Então, o Senhor chamando-o, disse-lhe: Servo malvado, eu te perdoei toda aquela
dívida, porque me pediste; não devias tu também ter compaixão do teu
companheiro, como eu tive de ti? E irou-se o seu Senhor e o entregou aos
verdugos, até que pagasse tudo o que lhe devia.
Assim também meu Pai Celestial vos fará, se cada um de
vós do íntimo do coração não perdoar a seu irmão.
(Mateus, XVIII : 21 – 35.)
No capítulo VI, do Sermão do Monte, segundo Mateus,
versículos 5 a 15, ensinou Jesus a seus discípulos e à multidão que se apinhava
para ouvir os seus ensinos, a maneira como se deveria orar; e aproveitou o ensejo
para resumir num excelente e substancioso colóquio com Deus, a súplica que ao
Poderoso Senhor devemos dirigir cotidianamente.
O Mestre renegava as longas e intermináveis rezas que
os escribas e fariseus do seu tempo proferiam, de pé nas sinagogas e nos cantos
das ruas, para serem vistos pelos homens. Observou a seus ouvintes que tal não
fizessem, mas que, fechada a porta do seu quarto, dirigissem, em secreto, a
súplica ao Senhor.
A fórmula de oração que lhes deu encerra, ao mesmo
tempo, pedidos e compromissos que teriam de assumir os suplicantes, e dos quais
se destaca o que constitui objeto dos ensinos que se acham contidos na Parábola
do Credor Incompassivo: Perdoa as nossas
dívidas, assim como nós perdoamos aos nossos devedores.

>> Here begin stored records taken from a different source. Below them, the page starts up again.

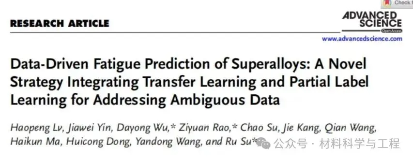 高温合金是航空航天、能源动力等国家重点领域关键装备的核心材料,其在高温高压环境下的性能预测是决定设备安全可靠性的核心指标。近年来,随着计算科学的迅猛发展,机器学习在预测高温合金性能方面取得了显著成就。例如,结合高通量实验和引入物理信息描述符的机器学习算法预测疲劳寿命,提高模型精度与解释性。然而,在材料研发与应用过程中,由于合金成分、热处理工艺等数据记录常常存在不完整或缺失的情况(即“模糊数据”),这严重制约了传统机器学习方法的预测能力。因此,如何基于这些不确定性的数据进行准确的性能预测,一直是该领域面临的一大挑战。 针对这一难题,河北科技大学苏孺教授团队联合上海交通大学、北京科技大学学者创新性地将两种机器学习技术—“迁移学习”与“部分标签学习”相结合,构建了一个能够高效处理数据不确定性的预测框架。该框架能够利用从相关材料体系中学到的通用知识,来智能地补全和修正当前数据集中缺失或模糊的关键信息。通过这一策略,该框架成功实现了从不完整的初始数据中精确“提炼”出高温合金的真实组成,基于被该框架“修正与增强”的数据,疲劳性能预测模型的准确性和泛化能力均得到了显著提升。 相关工作以题为“Data-driven fatigue prediction of superalloys: a novel strategy integrating transfer learning and partial label learning for addressing ambiguous data”研究性论文发表在《Advanced Science》。河北科技大学博士研究生吕浩鹏为论文第一作者,河北科技大学吴大勇副教授、苏孺教授、上海交通大学饶梓元副教授为论文的通讯作者。该研究成果为解决材料科学领域普遍存在的“小数据、不完整数据”问题提供了新的思路,在高性能合金的设计、服役可靠性评估等方面具有指导意义和应用前景。 论文链接: 图1. 方法论概述。a) 结合PLL与TL进行合金成分挖掘与疲劳性能预测的新型工作流程框架。该框架分为四个主要步骤:(I) 拉伸性能与成分预测;(II) TL方法;(III) PLL方法;(IV) 疲劳性能预测。b) 模型预测疲劳性能准确性的实验验证。具体步骤包括材料制备、疲劳试验、数据采集及模型验证。 图2. PLL流程图:a) 数据消歧过程示意图及每次优化循环后失效数据的演变过程;b)模型在优化周期中MAPE与R²值的变化趋势;c) 应用PLL策略前后SVR模型MAPE与R²值的对比。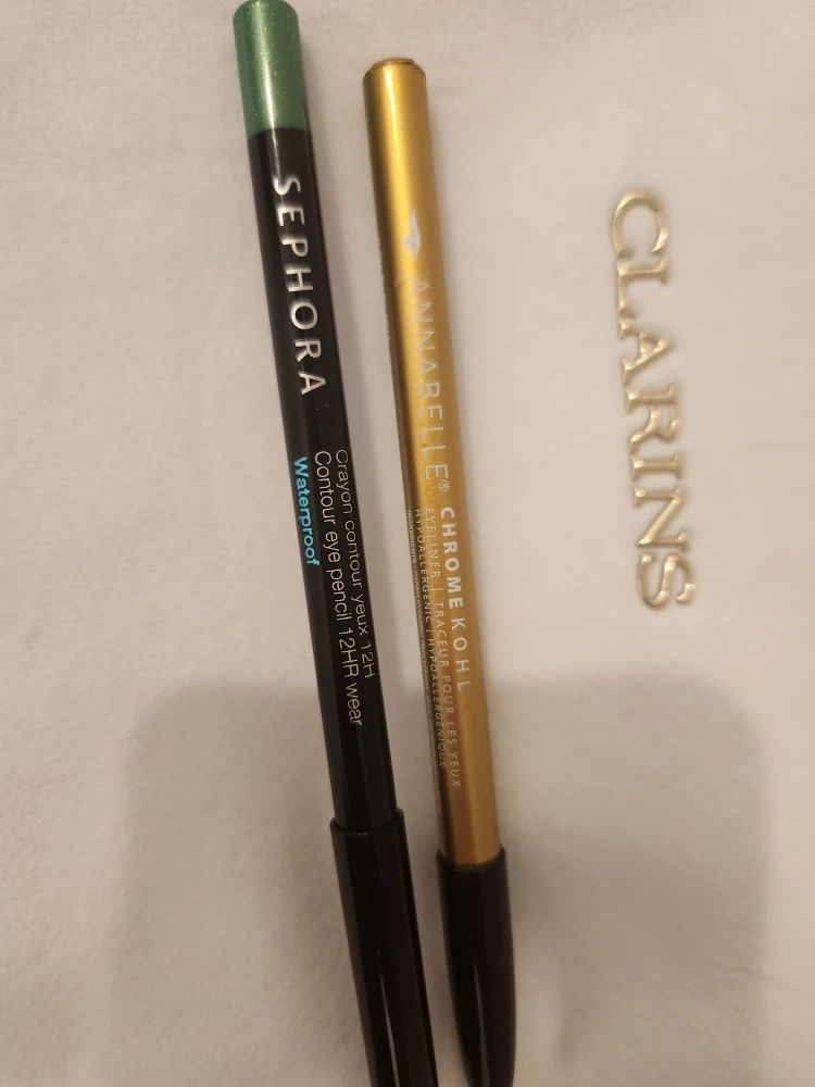 New Sephora Crayon Contour Yeux 12H contour eye pencil in waterproof. Also included is an Annabelle Chrome Kohl eyeliner and a Clarins makeup bag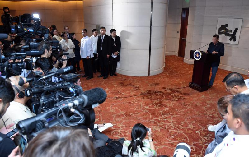 圖:19日,正在對中國進行國事訪問的菲律賓總統杜特爾特在北京舉行記者會,會見中外記者並回答提問/中新社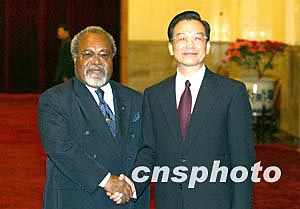 組圖:溫家寶會見巴布亞新幾內(nèi)亞總理索馬雷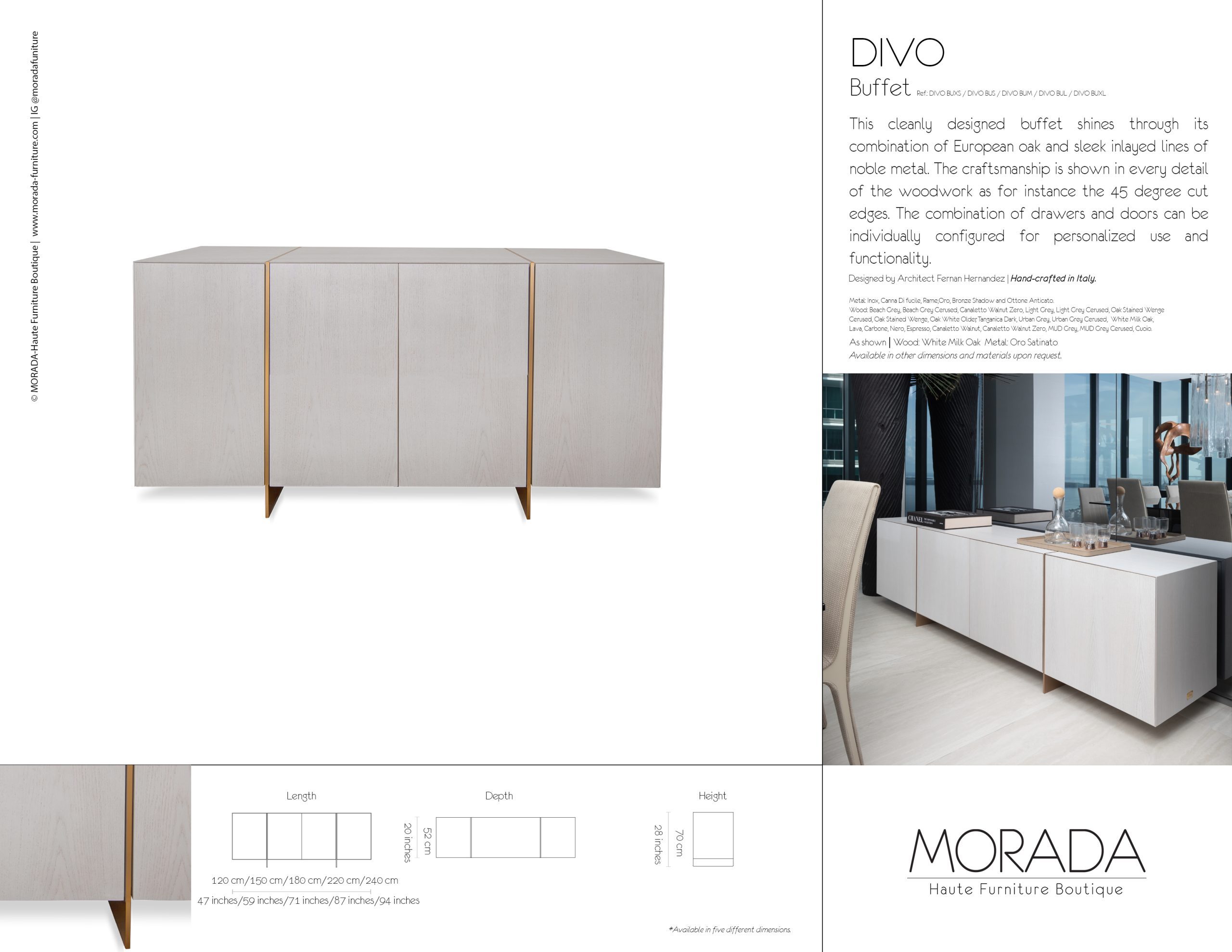 This cleanly designed buffet shines through its combination of European oak and sleek inlayed lines of noble metal. The craftsmanship is shown in every detail of the woodwork as for instance the 45 degree cut edges.The interior distribution accomodates for silverware dravers and porcelaine shelves whitle the exterior doors keep the clean sophisticated look.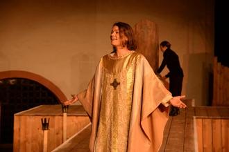 An der mittelalterlichen Johanniskirche zeigt das Lahnsteiner Theater noch an diesem und am nächstem Wochenende die Geschichte von Johanna, die durch eine Verkettung von Zufällen an die Spitze der katholischen Kirche gewählt wird.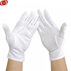 谋福 白色点胶防滑手套 棉毛作业点塑劳保 颗粒胶点礼仪司机工作

Do cumprimento ou não desta obrigação, depende o
deferimento ou indeferimento do nosso requerimento. Além disso, nesse dever se
resume toda a confissão, comunhão, extrema-unção etc..
Aquele que confessar, comungar, receber a unção, mas
não perdoar os seus devedores, não será perdoado; ao passo que, o que perdoar
será imediatamente perdoado, independentemente das demais praxes recomendadas
pela Igreja de Roma, ou quaisquer outras Igrejas, como meio de salvação.
Acontece ainda que o perdão, conforme o Cristo ensinou
a Pedro, deve ser perpétuo, e não concedido uma, duas, ou sete vezes.
Daí vem a Parábola explicativa da concessão que
devemos fazer ao nosso próximo, para podermos receber de Deus o troco na mesma
moeda.
Vemos que o primeiro servo a chegar foi justamente o
que mais devia: 10.000 talentos! Soma fabulosa naquele tempo, para um trabalhador,
não só naquele tempo como também hoje, pois valendo cada talento Cr$ 1.890,00
em moeda brasileira, 10.000 atingia a respeitável soma de Cr$ 18.900.000,00
(dezoito milhões e novecentos mil cruzeiros.) Se algum servo, que só tivesse
mulher, filhos e alguns haveres ficasse devendo essa importância para o
Vaticano, depois de entregue ao braço forte seria irremissivelmente condenado
às penas eternas do Inferno!
Jesus escolheu mesmo essa quantia avultada para melhor
impressionar seus ouvintes sobre a bondade de Deus e a natureza da doutrina que
em nome do Senhor estava transmitindo a todos.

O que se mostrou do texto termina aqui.